• _Assignment_:
Nothing but the lines from the one with "Perm: micro-guide is" through the end of the data should be set down, each exactly as written, and no picture should be included.

• _Dataset excerpt_:

------------------------------

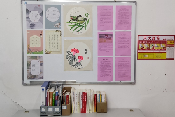 走進(jìn)我們的物檢室,這是熟悉的不能再熟悉的地方,一進(jìn)門,一個(gè)小小的變化就驚訝到我了,眼前一亮。原來在我的強(qiáng)力機(jī)前面的墻上掛著一個(gè)白板,白板上貼著我們部門員工的各種作品,分為三塊,左邊是五張?zhí)圃姇ǎ疫吺枪揪W(wǎng)站登出的六篇文章,中間則是我們部門才女張?jiān)频膬煞?,特別是橘紅色那一抹,使得整個(gè)版面亮起來了。真不知道我們的才女怎么那么有才的?
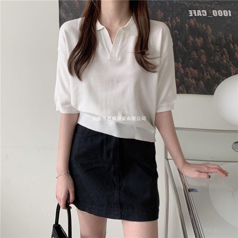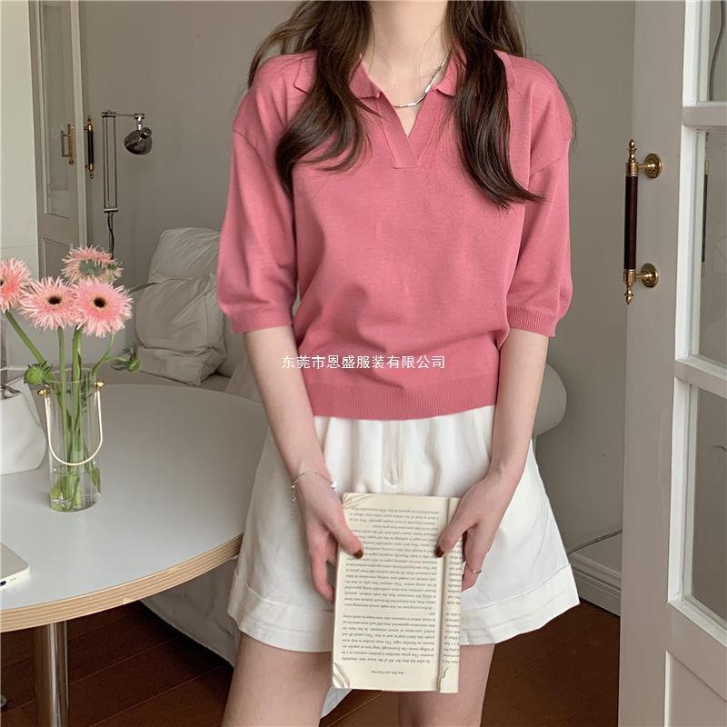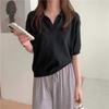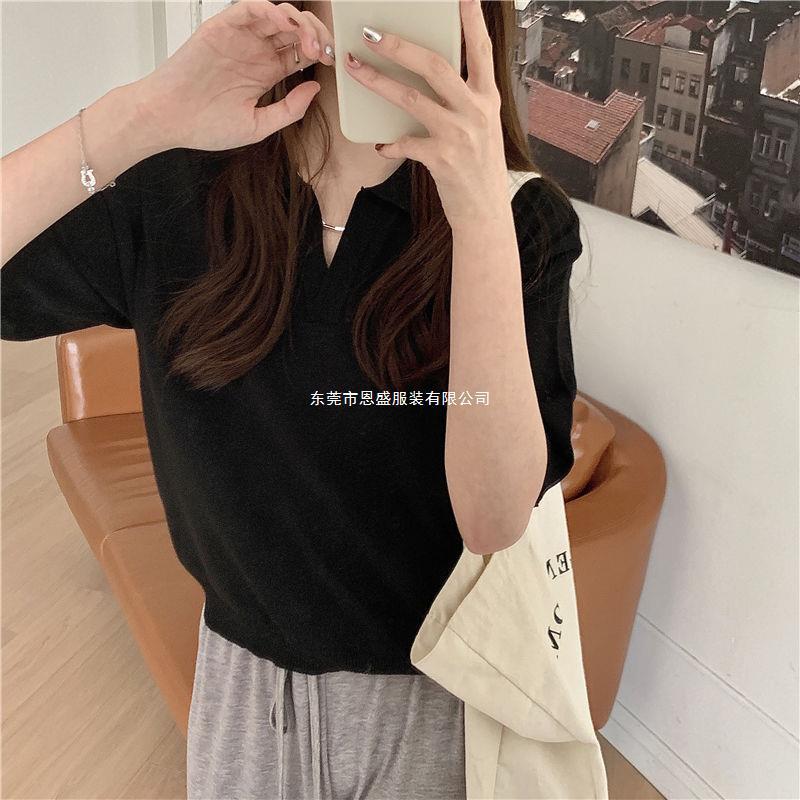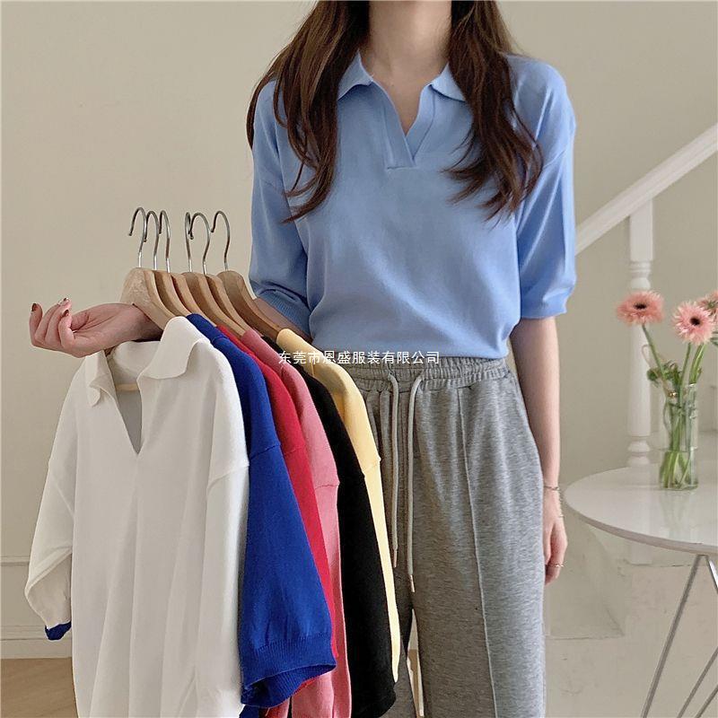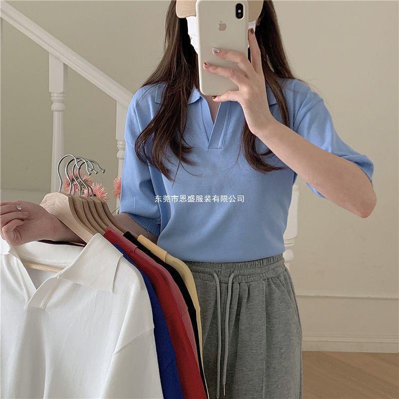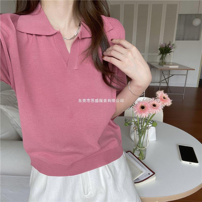 Verano 2024 Nuevo Estilo Coreano Holgado Adelgazante Top Cuello Polo Estilo Suave Seda de Hielo Manga Corta Camiseta Tejida para Mujer
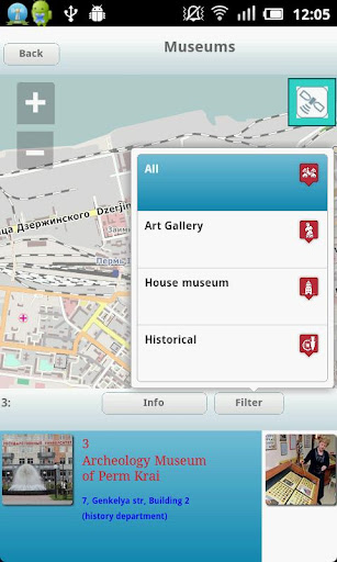 Perm: micro-guide is an information and reference application, a tourist guide for the city of Perm and contains information on:
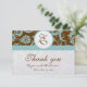 Aqua Blue på Brown Damask bröllopsdag - tack. Tack Kort

------------------------------

• _Result for this task_:
 Perm: micro-guide is an information and reference application, a tourist guide for the city of Perm and contains information on:
 Aqua Blue på Brown Damask bröllopsdag - tack. Tack Kort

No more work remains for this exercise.